• _THE TASK_
With the pictures left out, repeat every entry that follows exactly.

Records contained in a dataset
+++
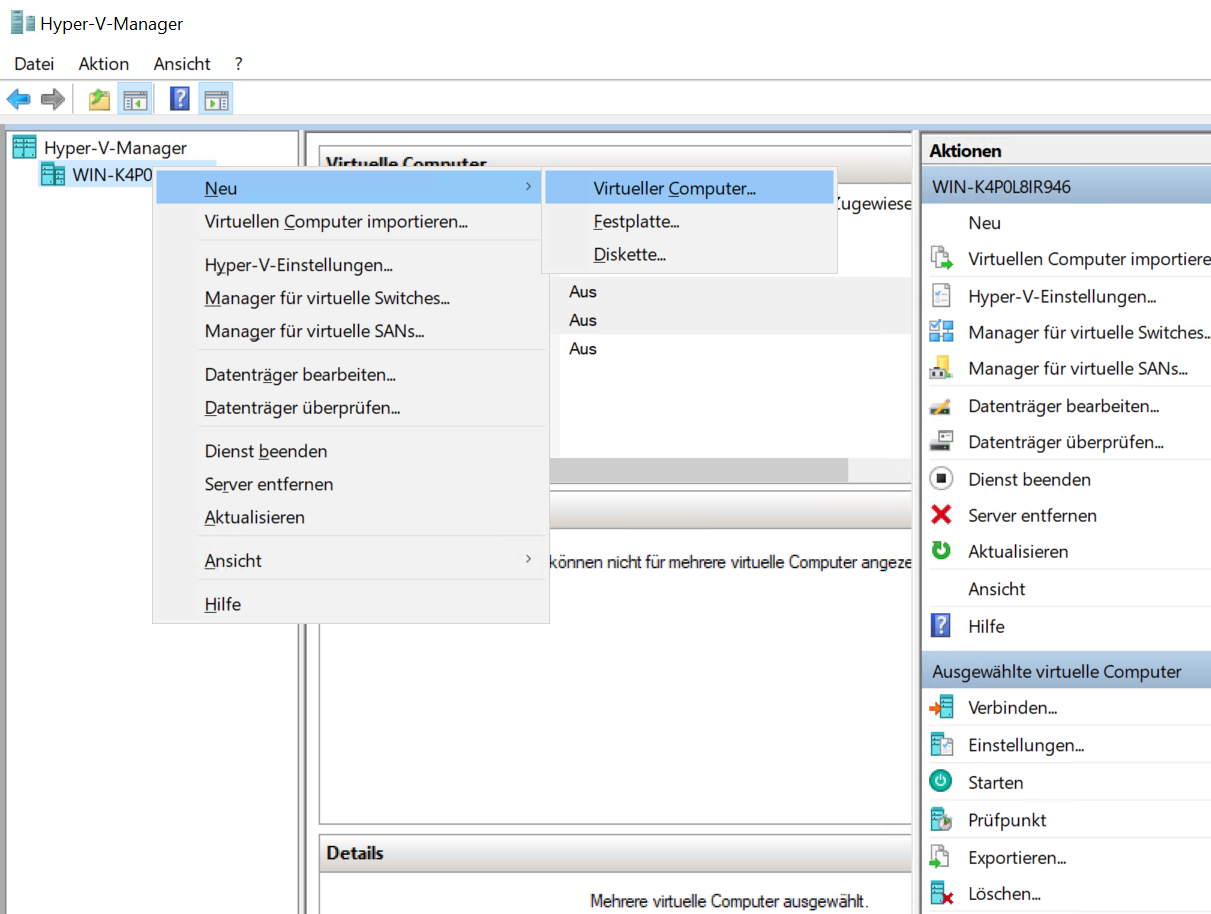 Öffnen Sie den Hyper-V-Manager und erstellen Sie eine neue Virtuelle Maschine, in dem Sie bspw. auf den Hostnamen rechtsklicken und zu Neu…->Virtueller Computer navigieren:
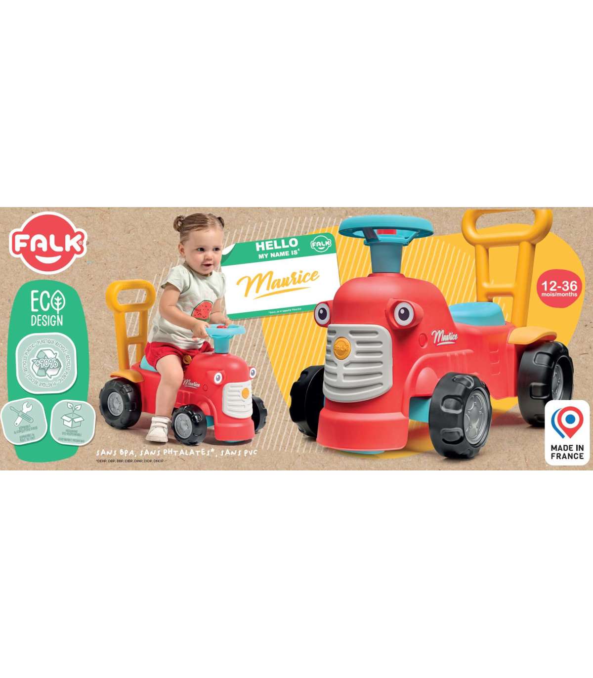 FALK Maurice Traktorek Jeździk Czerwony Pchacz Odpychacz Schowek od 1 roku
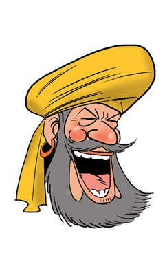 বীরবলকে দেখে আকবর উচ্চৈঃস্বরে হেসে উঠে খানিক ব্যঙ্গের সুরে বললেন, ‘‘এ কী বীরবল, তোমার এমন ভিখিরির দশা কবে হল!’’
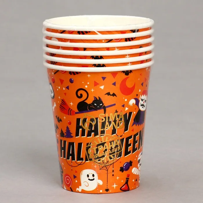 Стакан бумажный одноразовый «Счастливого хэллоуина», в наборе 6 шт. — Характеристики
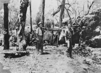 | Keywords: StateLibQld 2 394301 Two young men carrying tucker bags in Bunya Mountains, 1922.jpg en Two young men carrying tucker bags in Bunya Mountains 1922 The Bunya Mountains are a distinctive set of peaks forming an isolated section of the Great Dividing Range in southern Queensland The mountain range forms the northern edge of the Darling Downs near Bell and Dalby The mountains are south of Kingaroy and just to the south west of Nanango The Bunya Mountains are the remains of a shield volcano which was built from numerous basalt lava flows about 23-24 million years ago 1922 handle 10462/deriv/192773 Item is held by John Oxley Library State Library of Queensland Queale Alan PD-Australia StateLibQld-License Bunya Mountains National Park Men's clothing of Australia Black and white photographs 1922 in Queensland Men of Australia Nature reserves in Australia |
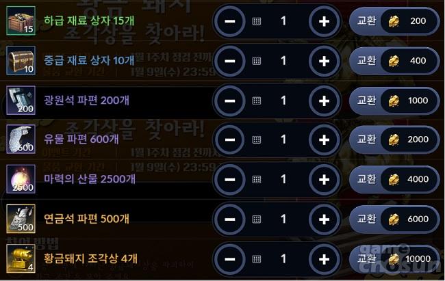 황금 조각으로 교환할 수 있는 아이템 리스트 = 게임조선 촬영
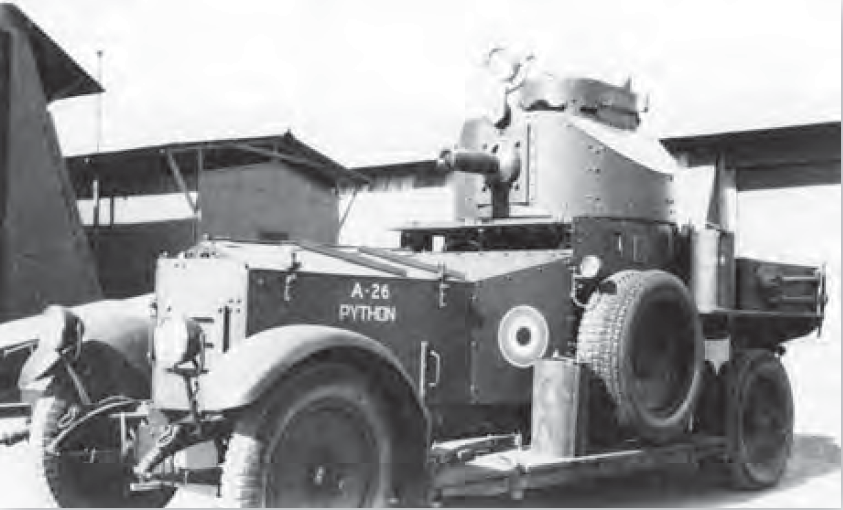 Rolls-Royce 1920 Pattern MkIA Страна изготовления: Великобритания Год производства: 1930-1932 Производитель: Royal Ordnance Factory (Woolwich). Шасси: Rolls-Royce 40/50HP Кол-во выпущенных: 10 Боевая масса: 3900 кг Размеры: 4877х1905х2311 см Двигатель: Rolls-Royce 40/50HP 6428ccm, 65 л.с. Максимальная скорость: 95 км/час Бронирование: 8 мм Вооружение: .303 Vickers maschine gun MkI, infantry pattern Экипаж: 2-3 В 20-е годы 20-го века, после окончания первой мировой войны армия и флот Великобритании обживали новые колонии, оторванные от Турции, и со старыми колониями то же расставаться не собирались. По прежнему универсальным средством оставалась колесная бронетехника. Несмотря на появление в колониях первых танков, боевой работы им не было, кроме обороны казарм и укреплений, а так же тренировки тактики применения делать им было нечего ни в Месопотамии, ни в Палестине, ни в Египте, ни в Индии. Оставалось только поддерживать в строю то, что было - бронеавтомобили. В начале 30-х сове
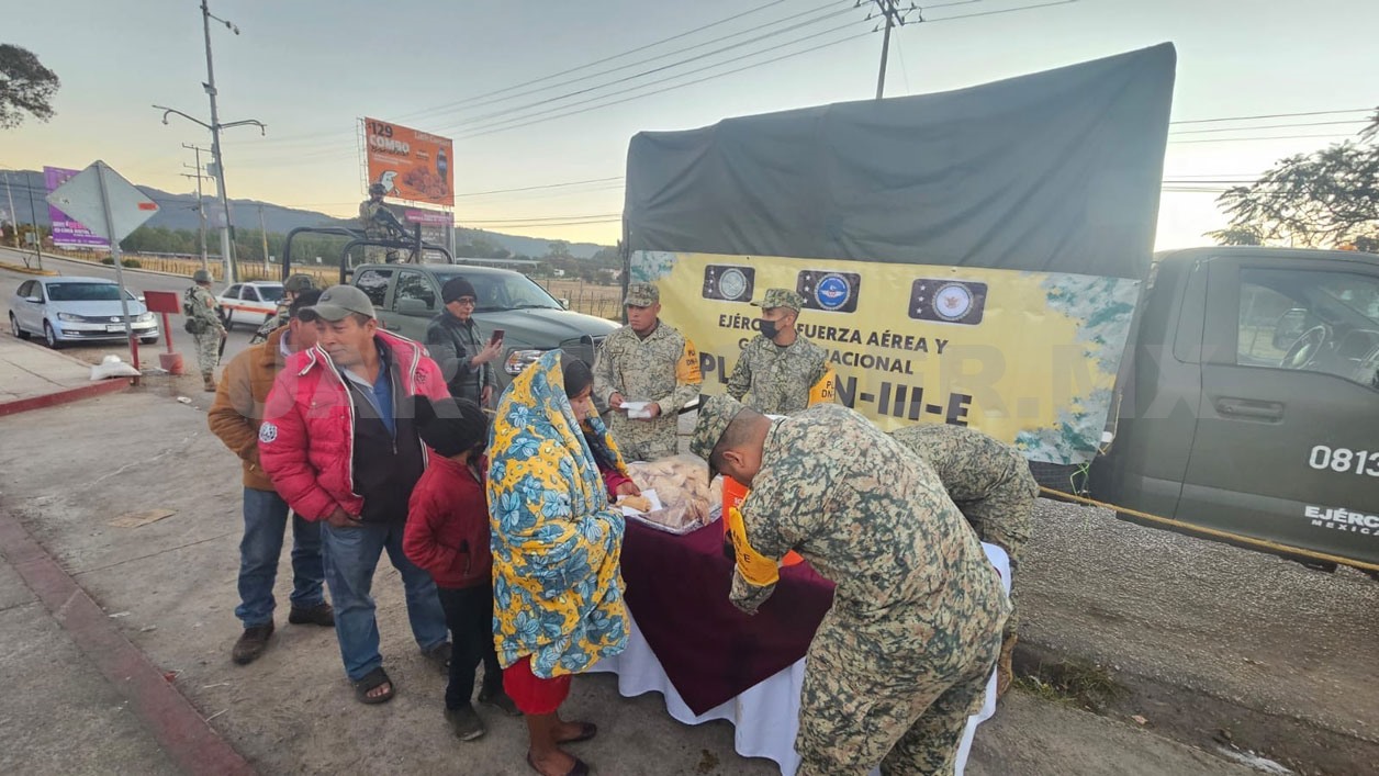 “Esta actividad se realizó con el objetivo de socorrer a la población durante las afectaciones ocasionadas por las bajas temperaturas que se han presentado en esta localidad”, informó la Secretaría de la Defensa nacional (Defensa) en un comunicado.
+++
• _ANSWER TO THIS TASK_
 Öffnen Sie den Hyper-V-Manager und erstellen Sie eine neue Virtuelle Maschine, in dem Sie bspw. auf den Hostnamen rechtsklicken und zu Neu…->Virtueller Computer navigieren:
 FALK Maurice Traktorek Jeździk Czerwony Pchacz Odpychacz Schowek od 1 roku
 বীরবলকে দেখে আকবর উচ্চৈঃস্বরে হেসে উঠে খানিক ব্যঙ্গের সুরে বললেন, ‘‘এ কী বীরবল, তোমার এমন ভিখিরির দশা কবে হল!’’
 Стакан бумажный одноразовый «Счастливого хэллоуина», в наборе 6 шт. — Характеристики
 | Keywords: StateLibQld 2 394301 Two young men carrying tucker bags in Bunya Mountains, 1922.jpg en Two young men carrying tucker bags in Bunya Mountains 1922 The Bunya Mountains are a distinctive set of peaks forming an isolated section of the Great Dividing Range in southern Queensland The mountain range forms the northern edge of the Darling Downs near Bell and Dalby The mountains are south of Kingaroy and just to the south west of Nanango The Bunya Mountains are the remains of a shield volcano which was built from numerous basalt lava flows about 23-24 million years ago 1922 handle 10462/deriv/192773 Item is held by John Oxley Library State Library of Queensland Queale Alan PD-Australia StateLibQld-License Bunya Mountains National Park Men's clothing of Australia Black and white photographs 1922 in Queensland Men of Australia Nature reserves in Australia |
 황금 조각으로 교환할 수 있는 아이템 리스트 = 게임조선 촬영
 Rolls-Royce 1920 Pattern MkIA Страна изготовления: Великобритания Год производства: 1930-1932 Производитель: Royal Ordnance Factory (Woolwich). Шасси: Rolls-Royce 40/50HP Кол-во выпущенных: 10 Боевая масса: 3900 кг Размеры: 4877х1905х2311 см Двигатель: Rolls-Royce 40/50HP 6428ccm, 65 л.с. Максимальная скорость: 95 км/час Бронирование: 8 мм Вооружение: .303 Vickers maschine gun MkI, infantry pattern Экипаж: 2-3 В 20-е годы 20-го века, после окончания первой мировой войны армия и флот Великобритании обживали новые колонии, оторванные от Турции, и со старыми колониями то же расставаться не собирались. По прежнему универсальным средством оставалась колесная бронетехника. Несмотря на появление в колониях первых танков, боевой работы им не было, кроме обороны казарм и укреплений, а так же тренировки тактики применения делать им было нечего ни в Месопотамии, ни в Палестине, ни в Египте, ни в Индии. Оставалось только поддерживать в строю то, что было - бронеавтомобили. В начале 30-х сове
 “Esta actividad se realizó con el objetivo de socorrer a la población durante las afectaciones ocasionadas por las bajas temperaturas que se han presentado en esta localidad”, informó la Secretaría de la Defensa nacional (Defensa) en un comunicado.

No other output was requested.